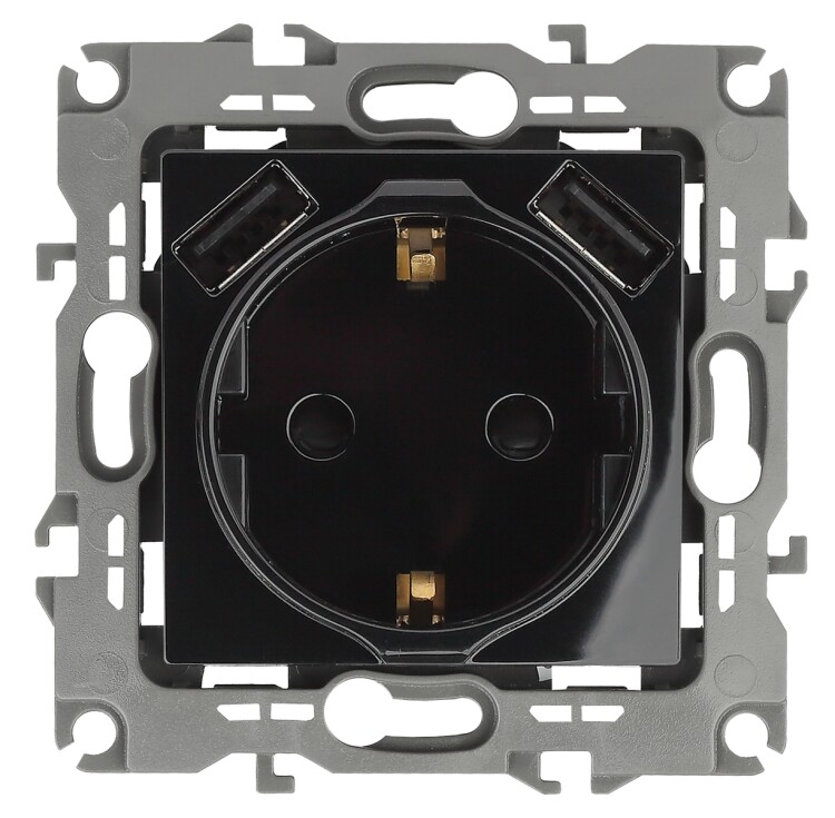Розетка с заземлением с USB со шторками серии Эра 12 скрытой установки механизм цвет чёрный 12-4109-06. Номинальные характеристики 16А 250В/3А-5В . Сделана из поликарбоната. Монтаж в подрозетник производится и на лапки, и на винты. Рамки приобретаются отдельно. Рамки Эра 12: 1 пост 12-5001-хх, 2 поста 12-5002-хх, 3 поста 12-5003-хх, 4 поста 12-5004-хх, 5 постов 12-5005-хх. Рамки Эра 12 Сатин: 1 пост 12-5101-хх, 2 поста 12-5102-хх, 3 поста 12-5103-хх, 4 поста 12-5104-хх, 5 постов - 12-5105-хх (хх - код цвета: 01-белый, 02-слоновая кость, 03-алюминий, 04-шампань, 05-антрацит, 06-чёрный, 07-ольха(белёный дуб-сатин), 08-вишня, 09-дуб, 10-венге, 11-сосна, 21-жёлтый, 22-оранжевый, 23-красный, 24-охра, 25-бордо, 26-лайм, 27-зелёный, 28-голубой, 29-синий).
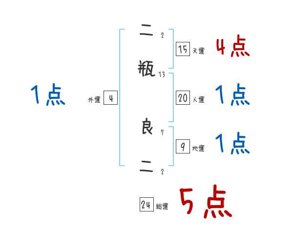 総運![]() | 二瓶良二さんの総運は24画の5つ星!家庭運が良く順調な人生。金運にも恵まれる。 あなたの人生を表す1番重要な運勢です。生涯を通じて影響する総合運となり、主に50歳以降の晩年期に影響を及ぼします。 |
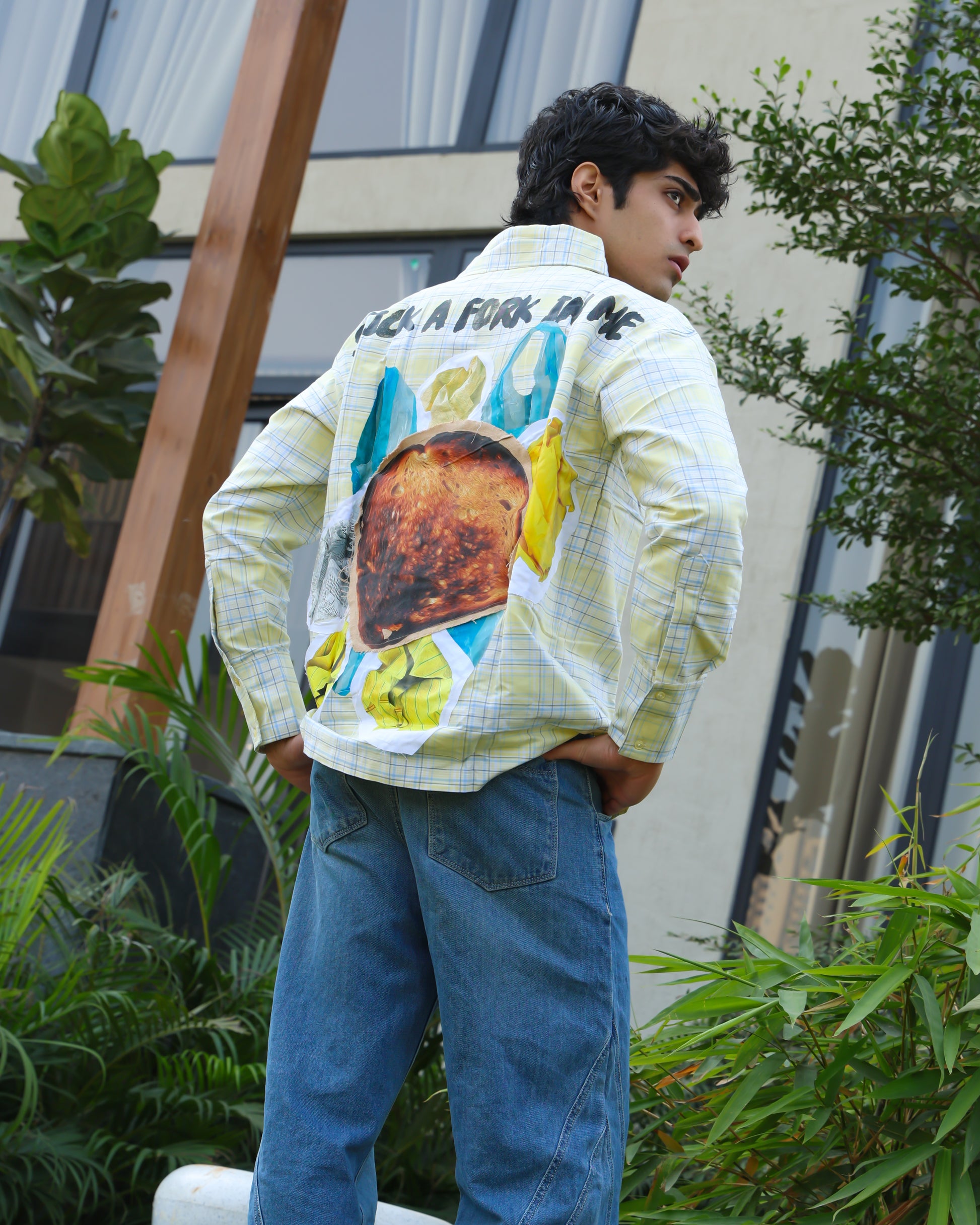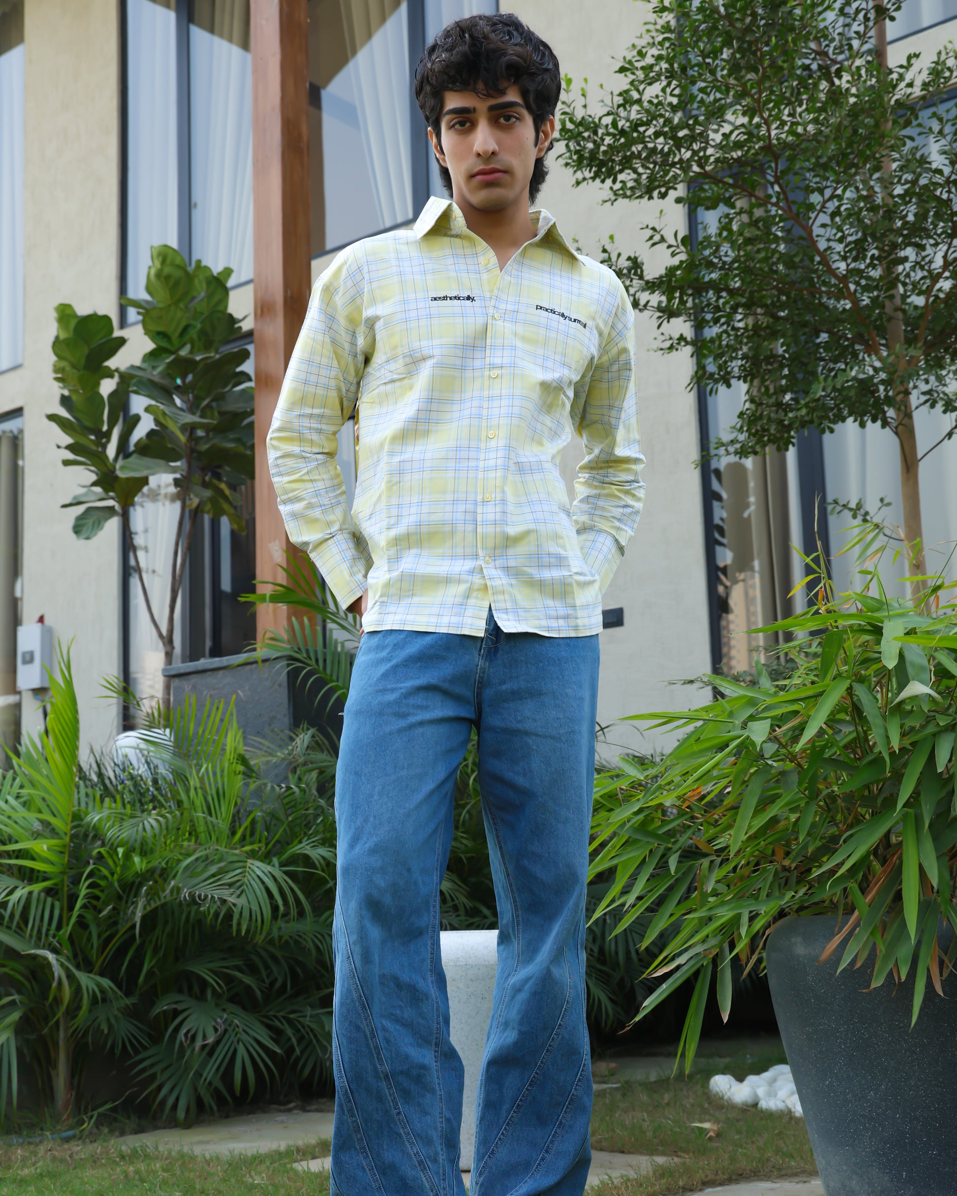 Tailored from 100% premium dyed cotton, the fabric carries a pale yellow checkered weave light, breathable, and structured with refined clarity. The front is marked with Esthreall’s mantra, “aesthetically practically surreal”, printed in black direct, minimal, and grounding. The buttons are buttery yellow in pearl shell gloss material. The bottom is straight hem.

**ACTION ITEM**
Only the lines from the one containing "総運![]() | 二瓶良二さんの総運は24画の5つ星!家庭運が良く順調な人生。金運にも恵まれる。" through the final line of the data should be given again, exactly and without pictures.

**ANSWER BOX**
 総運![]() | 二瓶良二さんの総運は24画の5つ星!家庭運が良く順調な人生。金運にも恵まれる。 あなたの人生を表す1番重要な運勢です。生涯を通じて影響する総合運となり、主に50歳以降の晩年期に影響を及ぼします。 |
 Tailored from 100% premium dyed cotton, the fabric carries a pale yellow checkered weave light, breathable, and structured with refined clarity. The front is marked with Esthreall’s mantra, “aesthetically practically surreal”, printed in black direct, minimal, and grounding. The buttons are buttery yellow in pearl shell gloss material. The bottom is straight hem.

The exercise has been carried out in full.